But not the only one. Wings winked silver at the edge of his vision and then dipped from view. Seventh Fleet had allocated a P-3C Orion to the escort and he’d stationed it well to the north — twenty miles or so ahead of the small group of UN vessels bound for Pusan. The P-3 had been systematically laying successive lines of passive buoys, trying to clear a path for the O’Brien and her invaluable charges.
North and east were covered as well as they could be under the circumstances. And Levi had brought his convoy as close to the western edge of the island of Tsushima as he possibly could without running them aground. The water was so shallow at that point that any damned NK sub trying to stay submerged would have to be half-buried in the mud. He could pretty well rule out that direction, at least until they emerged from alongside the island. He’d have to rearrange his escorts and air assets when that happened. He also planned not to worry overly about his back. Any diesel submarine coming in from the south, chasing after the convoy, would either run its batteries flat or make so much noise snorkeling that it would be easy to hear, pinpoint, and destroy.
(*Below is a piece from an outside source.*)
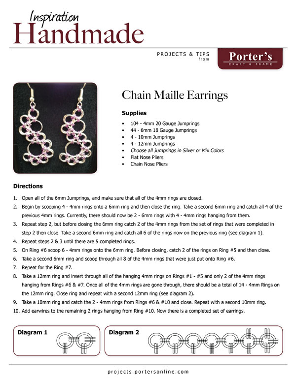 Chain Maille Earrings Create these beautiful and fun Chain Maille Earrings out of beading jump rings. Fun and exciting to make. Choose all silver rings, or mix and match to create a distinct look. Click to download FREE project sheet. Click here to download FREE project sheet. Share this: Email a link to a friend (Opens in new window) Email Print (Opens in new window) Print Share on Facebook (Opens in new window) Facebook Share on X (Opens in new window) X Share on LinkedIn (Opens in new window) LinkedIn Like Loading... Leave a comment Cancel reply Δ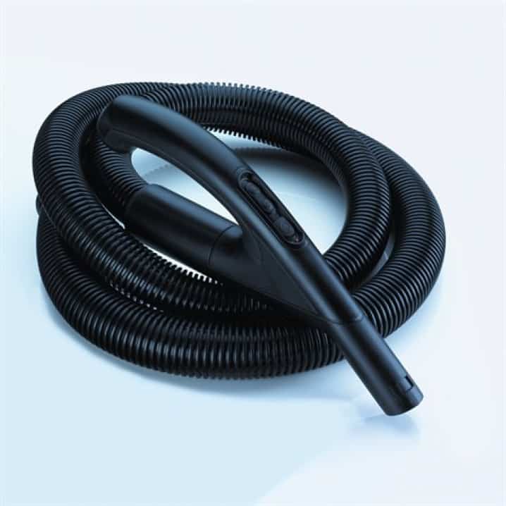 Original Nilfisk x300 slange med fjernbetjening. Fjernbetjeningen gør det muligt at tænde og slukke støvsugeren via. grebet/håndtaget, samt at op/nedregulerer sugekraften

Levi blinked rapidly, clearing the dazzling afterimages left by looking too near the sun out of his eyes. With a last, quick glance around the horizon, he turned and reentered the comparative warmth of O’Brien’s bridge. They were coming into the danger zone and it was time for him to get back to the ship’s Combat Information Center. It was also time to move a little more cautiously. Levi didn’t plan to walk into an ambush with his eyes shut or his sonars less than one hundred percent effective.
“Mr. Keegan?”
“Sir?”
“Slow to eight knots, and signal the rest of the convoy to do the same.”
“Aye, aye, sir.” His executive officer nodded to the rating standing by with a signaling lamp. O’Brien would keep radio silence for as long as possible. There wasn’t any point in handing the North Koreans a free fix on the convoy’s position. Levi intended to make them work for it.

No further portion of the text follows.